Голестан, 11
Шрифт:
Мансуре-ханум с дрожью в голосе умилённо сказала:
– Машалла! Как же малыш похож на Али. Он тоже был таким… Мой бедный сынок…
Я чувствовала, как проголодался малыш и с каким аппетитом он пил молоко. Проведя рукой по его белой шапочке, я засмотрелась на фотографию Али, под которой была написана фраза, принадлежавшая ему: «Только тот сможет пройти через колючие проволоки врага, кто не застрял в колючих проволоках своих собственных страстей».
Малыш закашлял, и мама тут же приподняла его, объяснив мне:
– Он поперхнулся.
Указательным пальцем
Почувствовав запах жареной муки, разнёсшийся по квартире, мама торопливо вышла из комнаты и отправилась на кухню. Все занялись своими делами, а я снова погрузилась в воспоминания. За неделю до того, как ушёл Али, 18 или 19 ноября, у меня сильно разболелся живот, и Мансуре-ханум приготовила домашнюю сметану. Я тогда сидела на этом же месте. Помню, как, придя в полдень домой, Али сказал: «Мама, дай мне, пожалуйста, сметаны. Может, меня уже не будет в живых, когда родится ребёнок, и я уже не смогу её поесть».
В этот момент в комнату вошла Мансуре-ханум. В одной руке она держала тарелку со сметаной, а на другую руку был надет жёлто-красный рукав в клеточку, который я сама ей сшила. Она посмотрела на меня с беспокойством, но мне не хотелось рассказывать ей, от чего я ощущаю такую жгучую и нестерпимую боль в сердце.
– Я не смогу съесть это, – сказала я и, не выдержав, громко заплакала.
В этот момент ребёнок вздрогнул, на его лбу появились морщинки, и он несколько раз потянул руки. Подбежав к нему, мама взволнованно спросила:
– Что случилось?
Прослезившись, Мансуре-ханум села рядом со мной, посмотрела на фотографии своих сыновей и сказала:
– Даже если тебе это не нравится, ты должна поесть. Это полезно. Бедный Али… он любил мою сметану.

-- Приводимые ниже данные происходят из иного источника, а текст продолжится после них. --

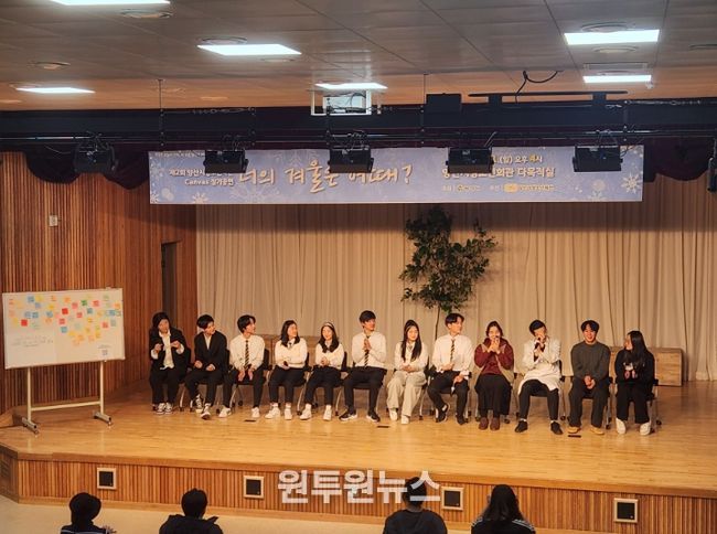연극 '너의 겨울은 어때?'는 각자의 상처와 고민을 안고 겨울을 보내는 청소년들이 서로를 만나 변화해 가는 과정을 그린 작품으로, 단원들이 대본 집필과 장면 구성, 연출·기획 논의에 직접 참여해 완성했다.
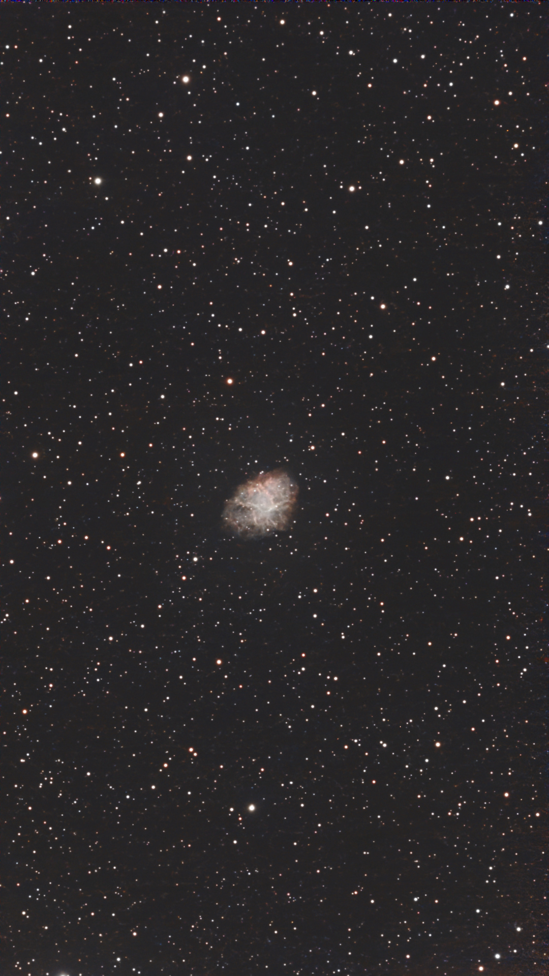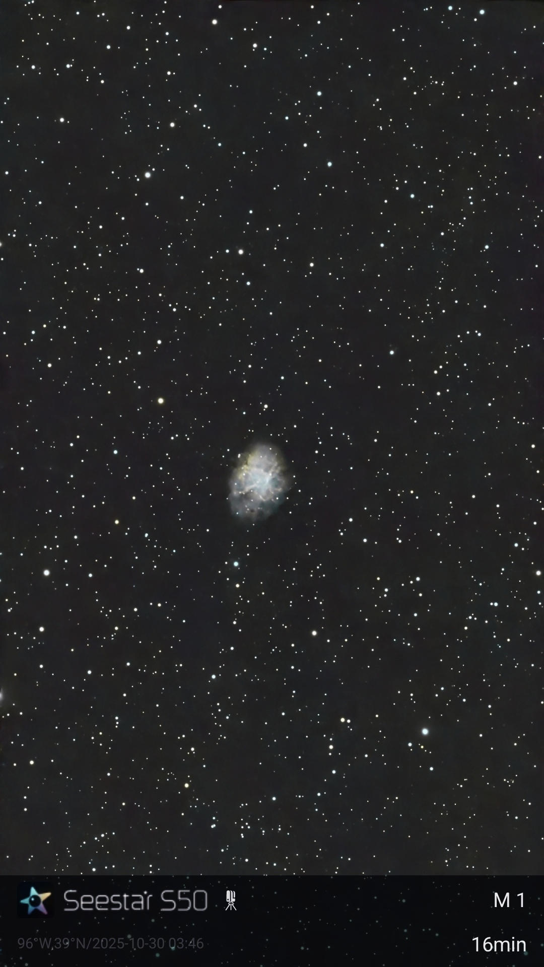 M1 (Crab Nebula) photographed with a ZWO Seestar S50 smart telescope. It is the remnant of a supernova that exploded in the year 1054 C.E. This image is a stack of 96 ten second exposures. The final processing (noise filtering and curves) was done with the Seestar App, Siril, and The Gimp.

Мама, пытаясь успокоить нас обеих, предложила произнести салаваты.
Сквозь слёзы я с болью сказала:
– Мама… Даже спустя сорок лет я всё равно буду помнить об Али. Вплоть до Судного дня… он будет в моём сердце.
Мансуре-ханум со стоном закричала, лицо её пожелтело, а глаза потухли.
– Мансуре-ханум, с вами всё хорошо? – забеспокоилась мама.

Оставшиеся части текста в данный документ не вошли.